Bruce Trigg: Wary of where Summit Stage is heading

Bruce Trigg

As a driver for Summit Stage, it was with more then passing interest that I read the recent article about the transit board’s efforts to secure a loan from CDOT to conduct a survey addressing the Summit Stage’s routes and schedules. My main thought while reading the article was that the transit board is an advisory panel with no authority over Stage administration, and therefore their survey would essentially carry no weight. That begs the question: Why spend that much money when the Stage administration could take or leave the surveys findings?

Over the past few years, the work environment at Summit Stage has gone from fun to unhealthy. Some but not all of the reasons for this can be attributed to diminishing revenues and the resulting alterations in schedules, routes and drivers’ working schedules. There are any number of drivers who wouldn’t hesitate to leave the Stage if a job with equivalent wages, benefits and year-round employment were readily available, but jobs like that are hard to come by in Summit County, so they don’t have much choice other then to stick it out with the Stage.

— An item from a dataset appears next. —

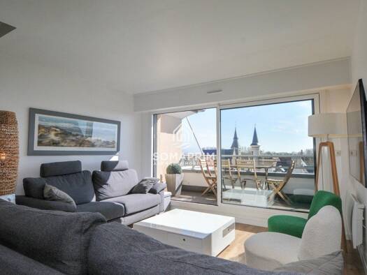 Situation : Dans le coeur de la ville à deux pas du Marché Couvert et de la Plage. Description : Appartement au 5ème et dernier étage de la résidence d'une surface carrez de 81,19 m² (soit 89,29 m² h...

Currently, Summit Stage is overseen by the county government and the Summit Board of County Commissioners. The BOCC has a large number of other issues to deal with, and it is becoming well known that they are anxious to rid themselves of Stage operations. Last fall when First Transit took over Fleet Maintenance, the general consensus among Stage employees was that we were next. After watching the way that transition was handled, many of us have legitimate concerns about the security of our employment.

Perhaps the transit board should be given full-time authority to manage Stage operations, with Stage administrators being made responsible to answer to them. That way their $70,000 survey would take on new meaning, and the findings would be more readily implemented into Stage routes and schedules.